Layden says he was spent and didn't have the drive to keep coaching. He sensed that was not the case with Sloan.

"I saw how he loved the game and how he related to the players and how the players respected him," Layden said.

Twenty years later, Sloan is still doing the same things, holding the same job he took on Dec. 9, 1988, when Layden resigned as coach of the Jazz. Tuesday marks the 20th anniversary of Sloan's promotion, a milestone that Sloan would rather ignore than celebrate.

Utah will be on the road Tuesday at Minnesota, which will be playing under interim coach Kevin McHale. The Timberwolves fired coach Randy Wittman on Monday -- the 223rd coaching change in the NBA since Sloan took over the Jazz.

Wittman didn't even hold the job for two years.

"I hate to hear that. It's just a constant every day thing," Sloan said before Monday's practice. "I know how volatile this business is. I just think how lucky I've been to be here for so long."

How long has it been? When Sloan took the job, the Koufos family of Canton, Ohio, was a few months from welcoming baby boy Kosta to the world in February, 1989. Koufos is a rookie center for the Jazz this year.

"That's crazy. That's a testament to him to be around that long," said forward Carlos Boozer, who had just turned 7 when Sloan was promoted. "We're all proud to be a part of it, but that's all Jerry Sloan."

No one currently in major pro sports has been coaching in the same place as long. And if Sloan wasn't as successful as he has been, his run in Utah would have ended long ago. Utah's win over Oklahoma City on Nov. 7 was the 1,000th during Sloan's tenure, making him the first coach to reach 1,000 wins with one team in league history.
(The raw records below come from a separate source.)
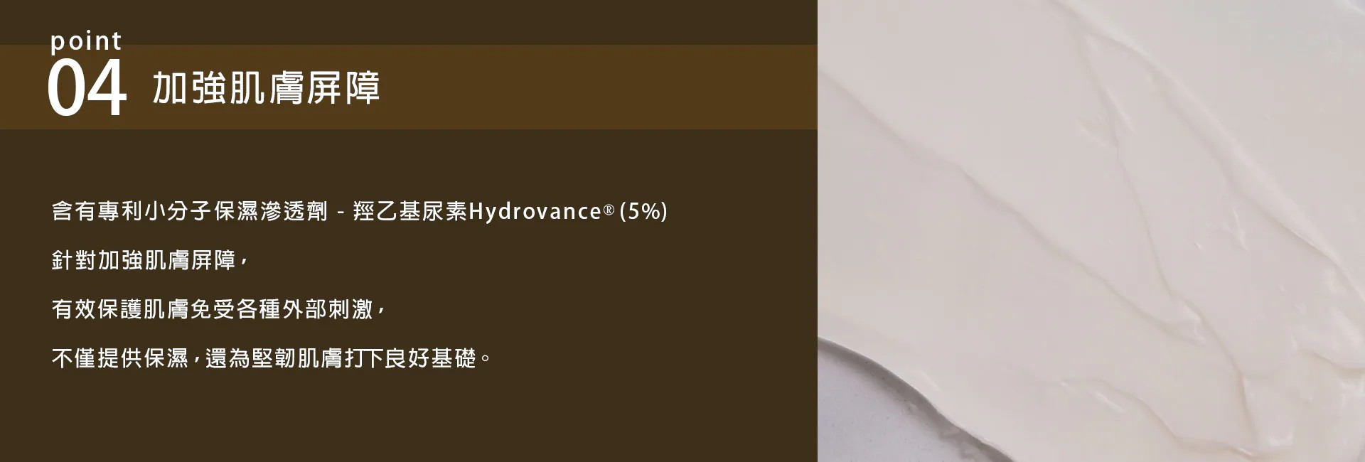 ➁ 5% Dexpanthenol 結合 5% Hydrovance®:雙重活性成分協同作用,發揮修復與補水效能,有效支持肌膚屏障,打造健康平衡的理想膚質。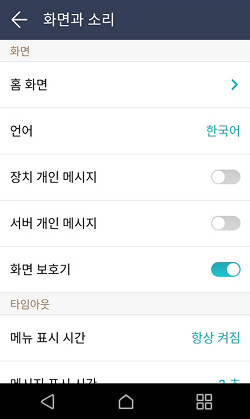 메시지 표시 시간: 설정 완료 메시지나 알림 메시지 등이 자동으로 사라지는 시간(초)을 설정할 수 있습니다.
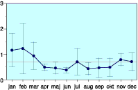 Flödets säsongsvariation 2001-2005. Månadsmedelvärden ± SD. Röd linje visar medelvärdet för hela perioden. |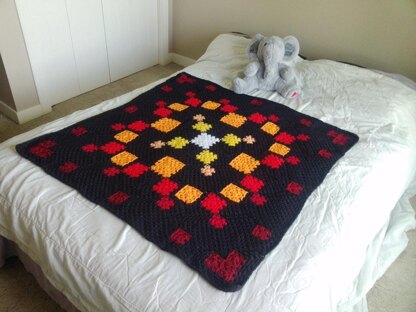 Finished size will be 23 times as big as a 2-round traditional granny square made in the same yarn.

Sloan treated it like most any other accomplishment tied to him in the last two decades: He tried to make it go away as quickly as possible. About the only thing he did differently after the game was maybe go to the locker room a little faster, hoping to avoid any more adulation.

Sloan would much rather see his players or assistant coaches get the attention. That's one reason he's glad the 20th anniversary will be spent in the Twin Cities instead of Salt Lake City, where the crusty Illinois farmer has become an icon.

"Anybody could have been in this position. I think I just happened to be lucky -- the guy who came along at the right time and the right place," Sloan said. "I've been fortunate. There are a lot of great coaches. I don't consider myself that. I have a very good staff."

Sloan was fortunate enough to coach John Stockton and Karl Malone in their prime, which would add longevity to most any coach's career. But the Stockton-Malone era ended in 2003 and Sloan has survived without the superstars and rebuilt the Jazz into a Western Conference power again.

"Jerry's tough. He's not a coddler. You always hear about a 'player's coach' and that worries me," said Layden, who still drops by Jazz practices. "The players will take advantage of you."

There is little chance of that with Sloan, who is known for not having much of a soft spot.

Although the Jazz have never won an NBA title and Sloan has never won the NBA's Coach of the Year award, he has outlasted plenty of those who were chosen instead. He has said he would give the award to his staff, including assistant Phil Johnson, who has been with Sloan the entire 20 years in Utah.

"I rely heavily on my coaches and the people who work with us. I'm not a one-man show and never wanted to be," he said.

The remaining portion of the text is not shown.